= STORED DATA =
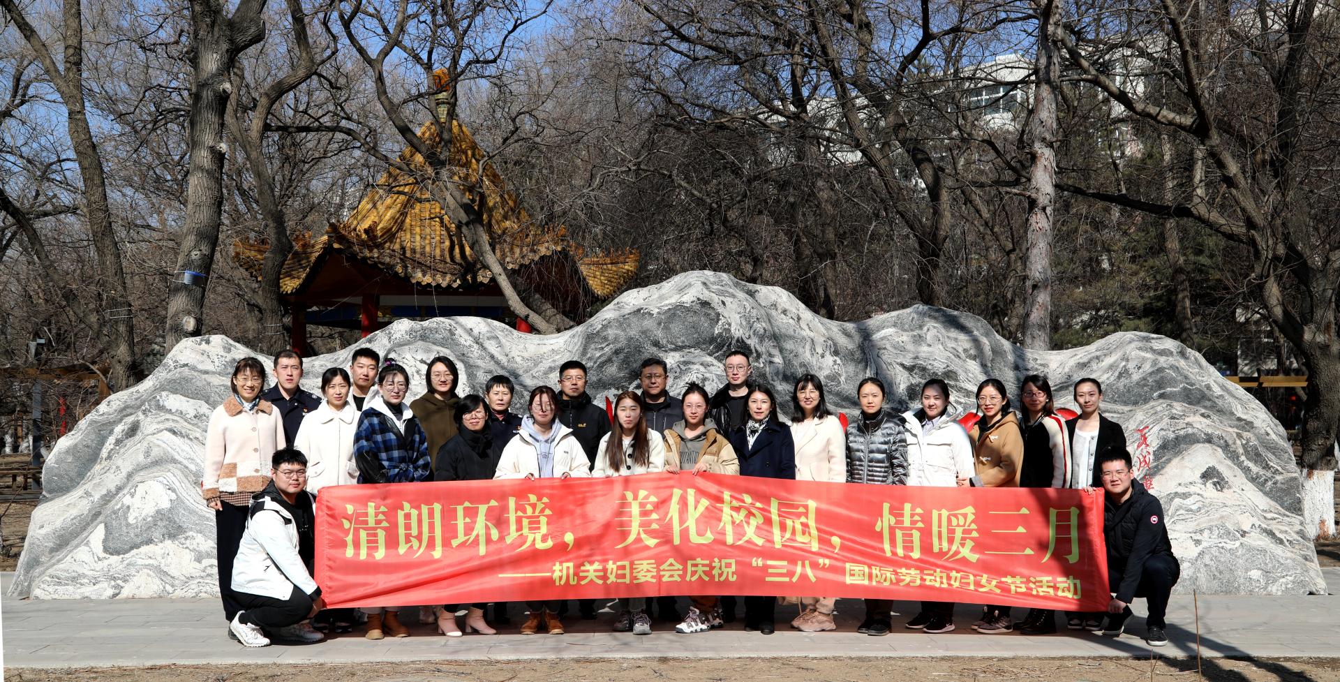 机关妇委会组织开展了“清朗环境,美化校园,情暖三月”主题活动。女教职工们清理了跬园中的枯枝落叶,为美丽长工程的建设贡献“她力量”。
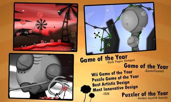 粘粘世界英文名称叫做World of Goo,是由2D Boy打造的休闲解压闯关游戏。在游戏中我们将进入一个神奇的世界,这个世界中有着大量的粘性小球,玩家需要利用这些小球进行各种建筑的搭建,完成每一个关卡任务即可。游戏为玩家准备了丰富的物品道具,玩家合理的使用与搭配可以更好的完成任务、顺利闯关!
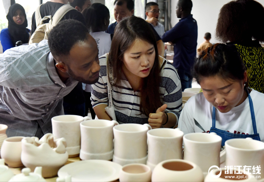2018年6月3日,來(lái)自30多個(gè)國(guó)家的70多名留學(xué)生,在武義漢坊婺窯認(rèn)真學(xué)習(xí)修坯、上釉等環(huán)節(jié)。
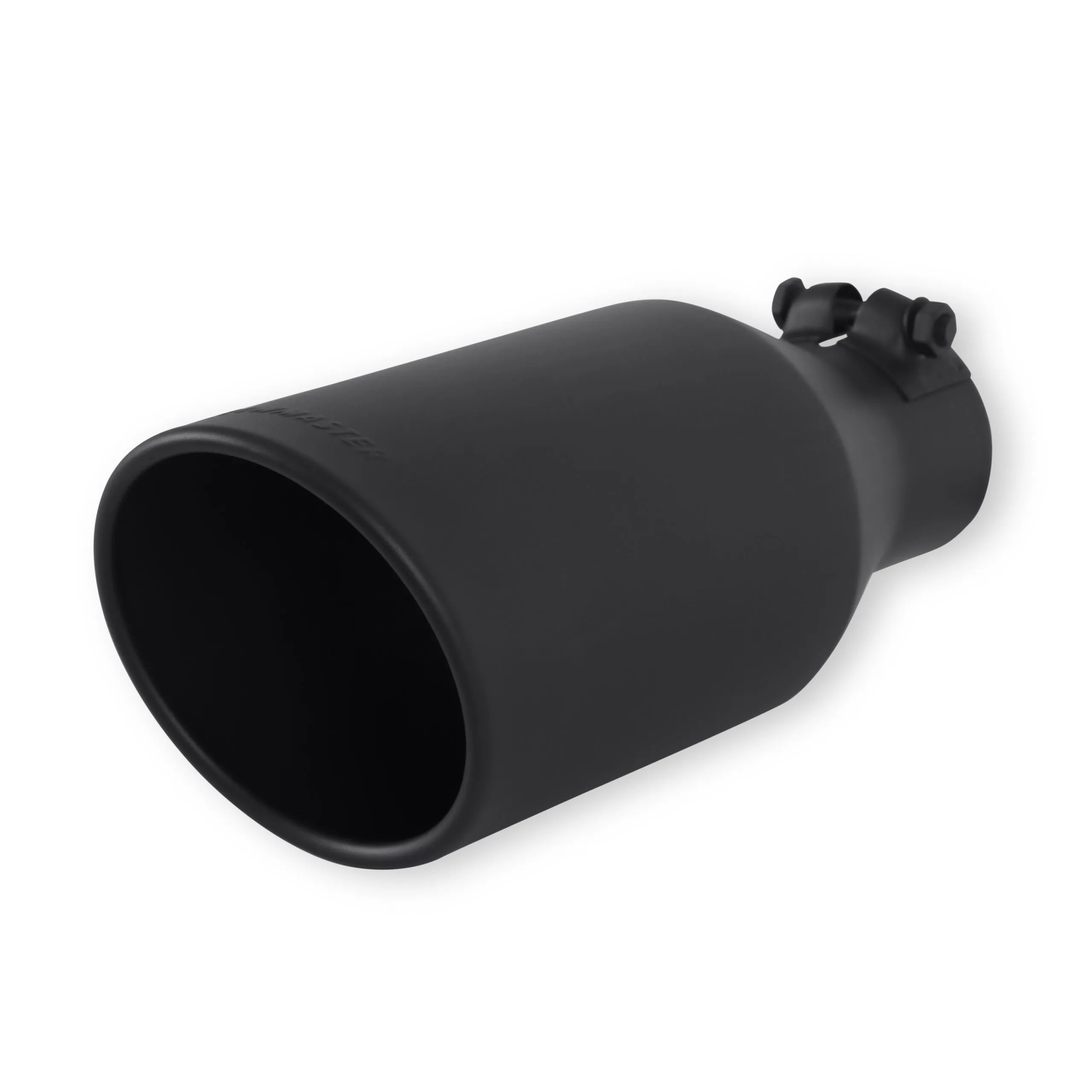 Exhaust Tip – Clamp-On – 2.5 in Inlet Pipe Diameter – 4.5 in Round Outlet – 11 in Long – Double Wall – Rolled Edge – Angled Cut – Stainless – Black Ceramic Coated – Each
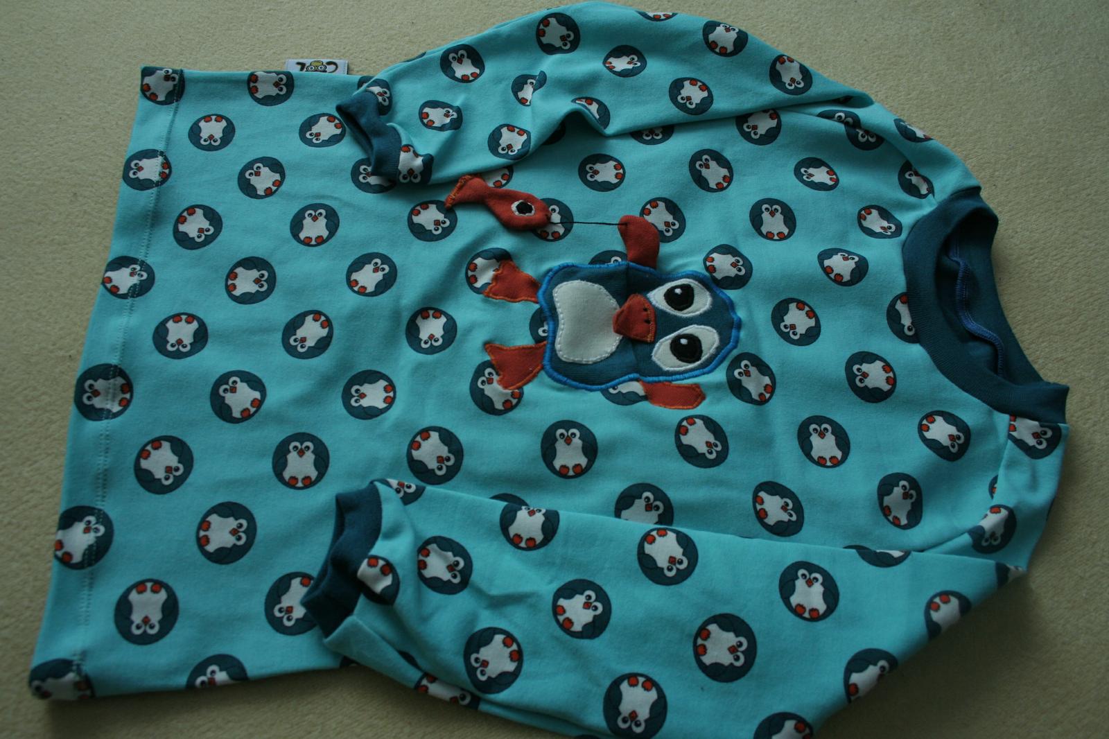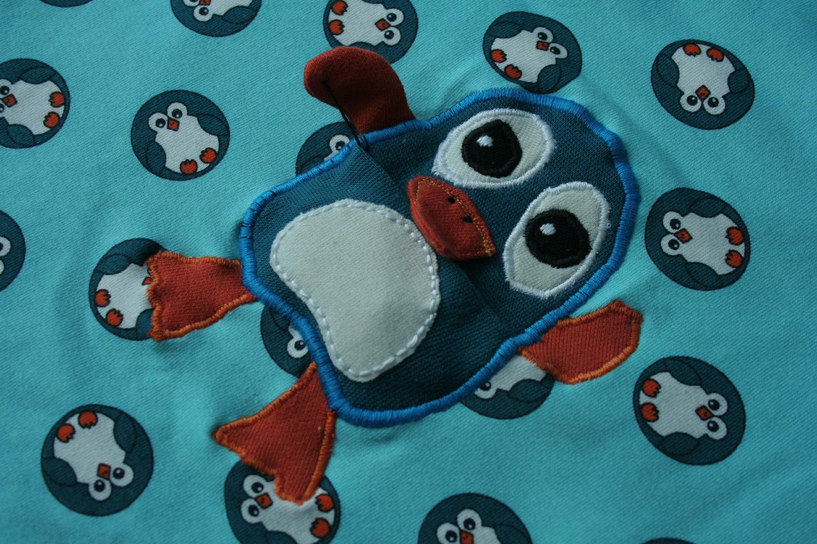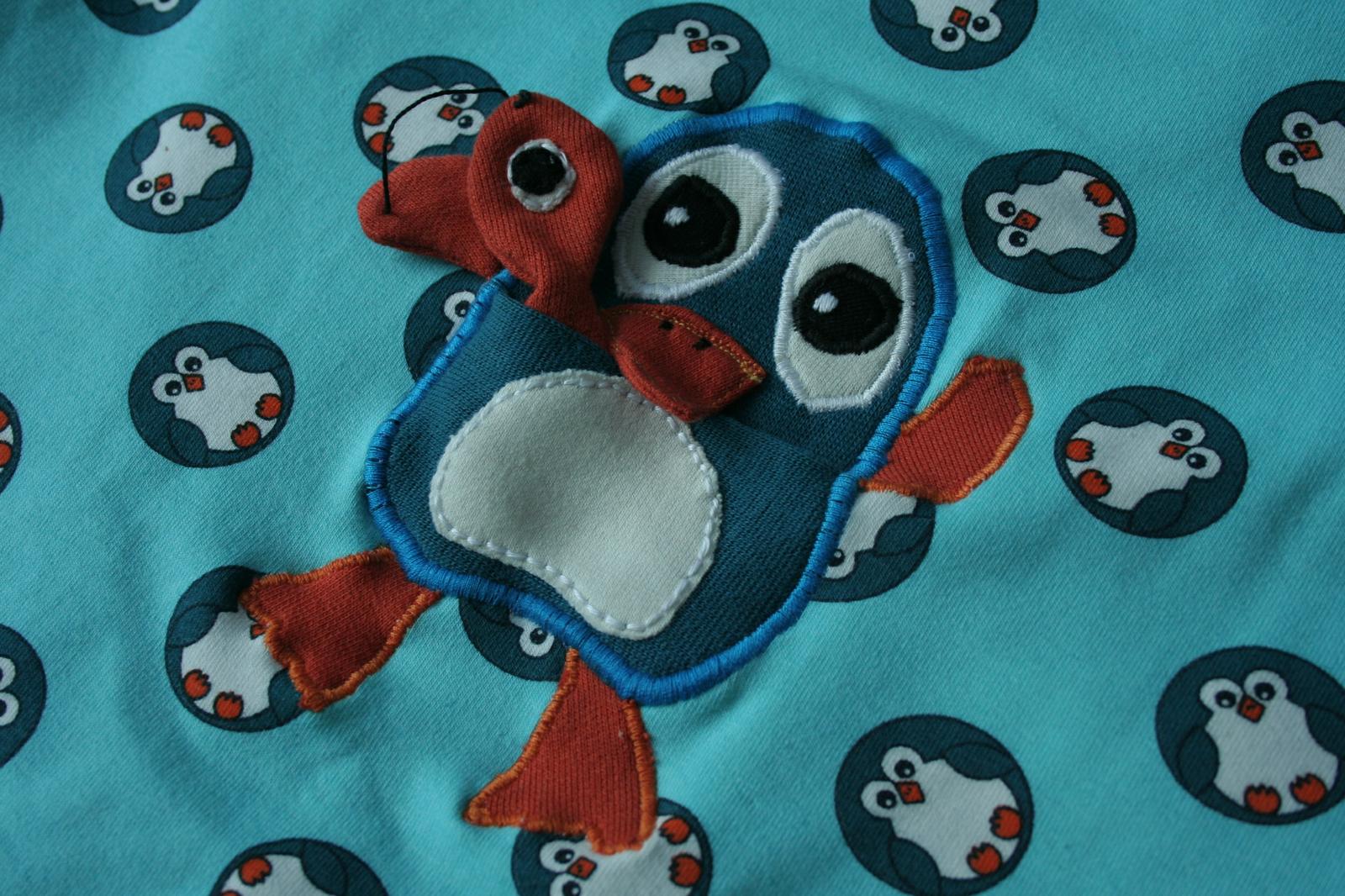 sleduju vás, po očku. Tak po delší době taky něco přidám. Malej kamarád bude slavit první rok a Toník dostane tričko s tučňákama. Bohužel ten tučňák (ne moc povedenej pajc ruttu-nuttu) na tučňáčí látce nevynikl. Příště bych ho zvětšila a pod něj dala ještě jednobarevnou, ale byla to piplačka, tak asi další příště nebude.

= EXERCISE AIM =
Repeat, exactly and in full, each line from the start of the data to the line that contains "Exhaust Tip –". Pictures do not go in.

= EXERCISE ANSWER =
 机关妇委会组织开展了“清朗环境,美化校园,情暖三月”主题活动。女教职工们清理了跬园中的枯枝落叶,为美丽长工程的建设贡献“她力量”。
 粘粘世界英文名称叫做World of Goo,是由2D Boy打造的休闲解压闯关游戏。在游戏中我们将进入一个神奇的世界,这个世界中有着大量的粘性小球,玩家需要利用这些小球进行各种建筑的搭建,完成每一个关卡任务即可。游戏为玩家准备了丰富的物品道具,玩家合理的使用与搭配可以更好的完成任务、顺利闯关!
2018年6月3日,來(lái)自30多個(gè)國(guó)家的70多名留學(xué)生,在武義漢坊婺窯認(rèn)真學(xué)習(xí)修坯、上釉等環(huán)節(jié)。
 Exhaust Tip – Clamp-On – 2.5 in Inlet Pipe Diameter – 4.5 in Round Outlet – 11 in Long – Double Wall – Rolled Edge – Angled Cut – Stainless – Black Ceramic Coated – Each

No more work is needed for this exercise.